JD Vance : « L'Iran accepte le retour des inspecteurs de l'AIEA sur ses sites nucléaires »
Le vice-président américain JD Vance a détaillé dimanche les principales clauses de l'accord-cadre conclu avec Téhéran, depuis la Suisse où une nouvelle phase de négociations doit s'ouvrir, précisant les conditions du dégel des avoirs iraniens et les obligations imposées à l'Iran en matière nucléaire et sécuritaire.
Sur le volet nucléaire, Vance a confirmé que l'Iran a accepté le retour des inspecteurs de l'Agence internationale de l'énergie atomique (AIEA) sur ses sites. Le mémorandum d'entente signé engage Téhéran à autoriser la surveillance internationale de ses installations, avec la destruction du stock d'uranium hautement enrichi comme condition minimale fixée par Washington.

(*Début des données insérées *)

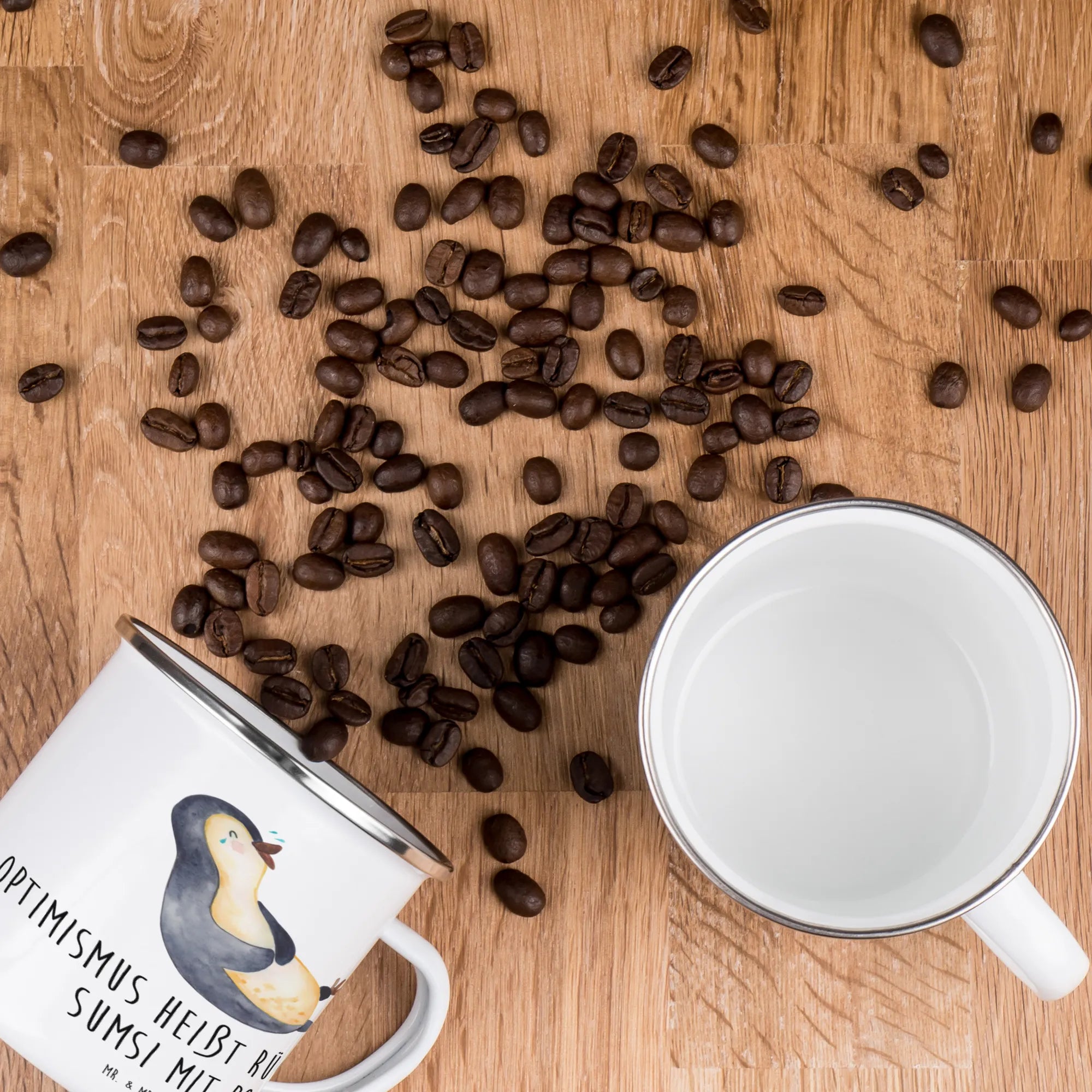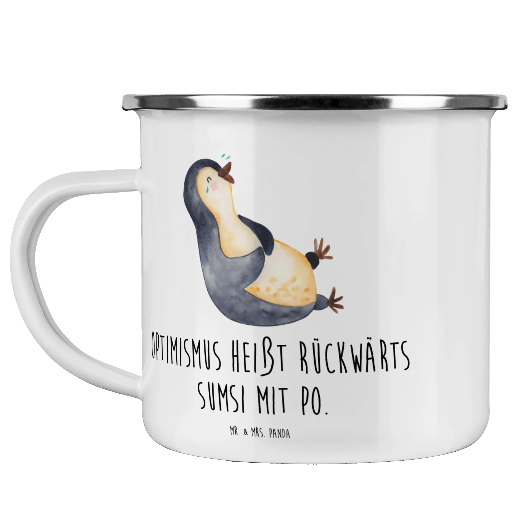 Enamel camping mug Penguin Laugh - with a saying - Weiß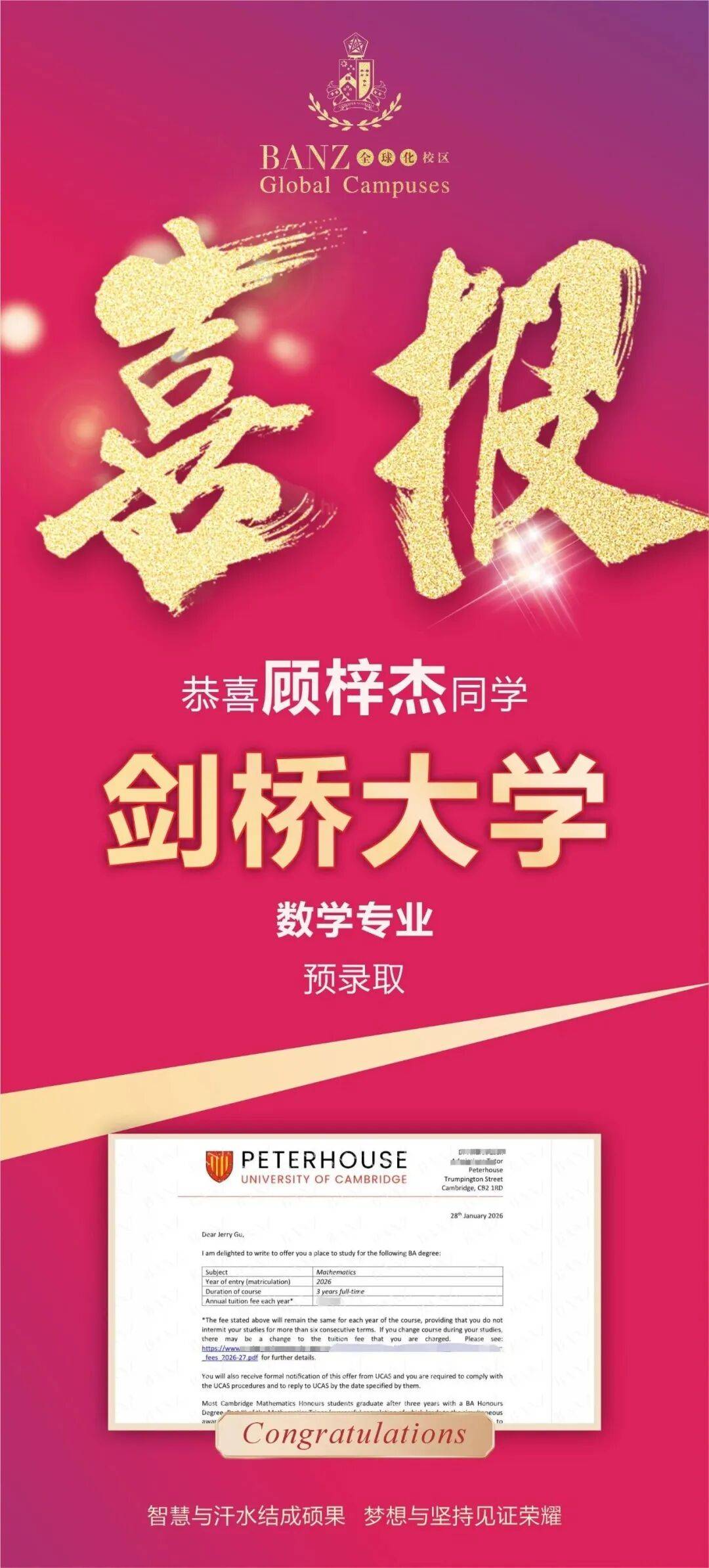 截至今日,BANZ 2026届学子累计斩获2枚牛剑Offer(1枚牛津大学、1枚剑桥大学)!至此,BANZ已连续5年斩获牛剑录取,累计收获12枚牛剑Offer!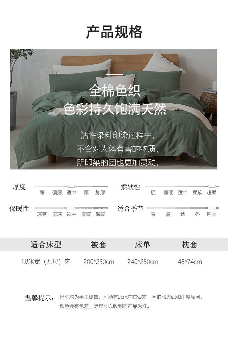 产品编码:JLY25701 产品规格:被套200*230cm 床单 240*250cm 枕套48*74cm*2 面料材质:棉(色织水洗) 净 重:2.9kg 礼盒 尺寸:420*320*95mm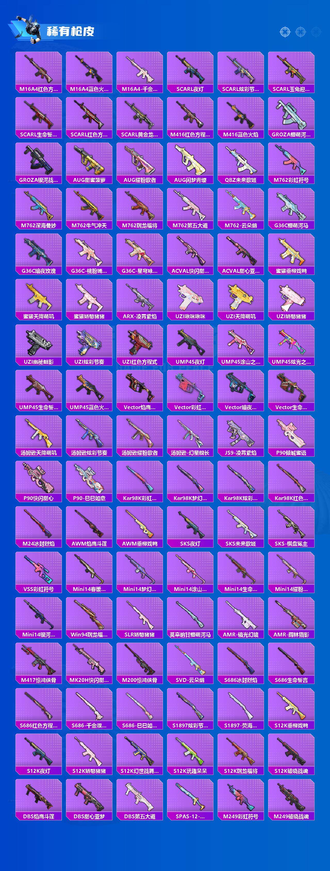 【粉色枪皮等级】:AKM-梦之光华(七级),SCAR-L-锦绣绵绵(五级),M416-五爪金龙(七级),M416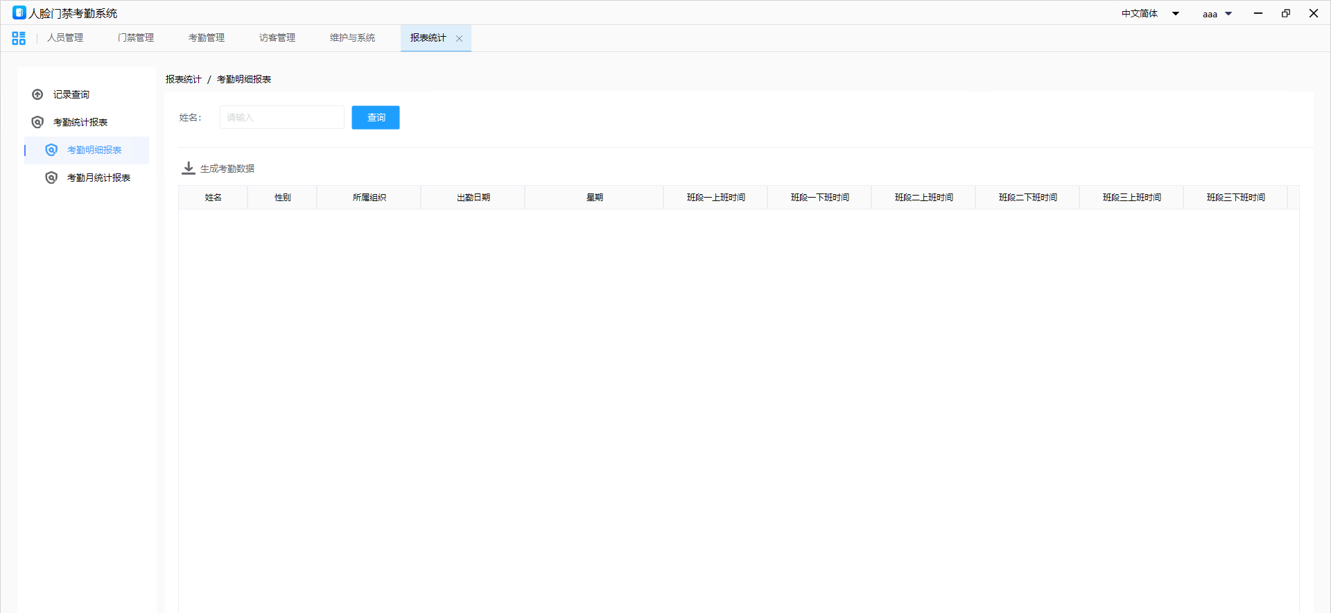 - 登录系统后,看到处于主页左侧最下方的 “报表统计”后 →点击 “考勤统计” →点击 “考勤明细报表”,进入考勤明细报表页面。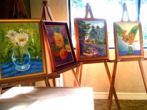 Good morning! It’s Day 4 at the Hawaiian Civic Club convention at the Turtle Bay Resort on the North Shore of Oahu, where I’m showing some of my paintings. It’s a hard sell against Aunty May’s banana bread, Kamakea’s colorful baubles, kulolo from Kauai, Makaweli poi, maile plants from Hawaii island, faux flower hair ornaments, yarn lei, and Aunty Phyllis’s Hawaiian print pillows — none of which are three figures like my oils!

L'accord « garantit que l'Iran n'aura jamais d'arme nucléaire, tout en rouvrant simultanément le détroit d'Ormuz », a déclaré Vance à CBS Mornings.
Sur le dégel des avoirs, le vice-président a posé un principe de conditionnalité : « À mesure qu'ils augmentent leur bonne conduite, nous pouvons augmenter le soulagement économique. Si leur bonne conduite diminue, nous pouvons l'éteindre. » Des responsables américains ont confirmé que le rythme de la levée des sanctions dépendra des performances de Téhéran, sans préciser encore les critères exacts. Vance a ajouté que les fonds dégelés bénéficieront aux citoyens iraniens et non au financement du terrorisme : « Cela rendra les agriculteurs américains plus riches. »
L'accord impose également à l'Iran de contrôler le Hezbollah et de l'empêcher d'attaquer Israël. Vance a réaffirmé que toute attaque du Hezbollah justifie une réponse israélienne : « Israël a le droit à l'autodéfense, l'Iran devra mieux contrôler le Hezbollah. » Sur la question du sud du Liban, il a indiqué qu'Israël n'y entretient aucune intention territoriale, mais maintient sa présence en raison des terroristes du Hezbollah encore déployés dans la zone.
L'accord prévoit une fenêtre de 60 jours pour négocier un accord final. Vance a reporté son déplacement en Suisse, invoquant des questions logistiques non résolues sur le format des négociations.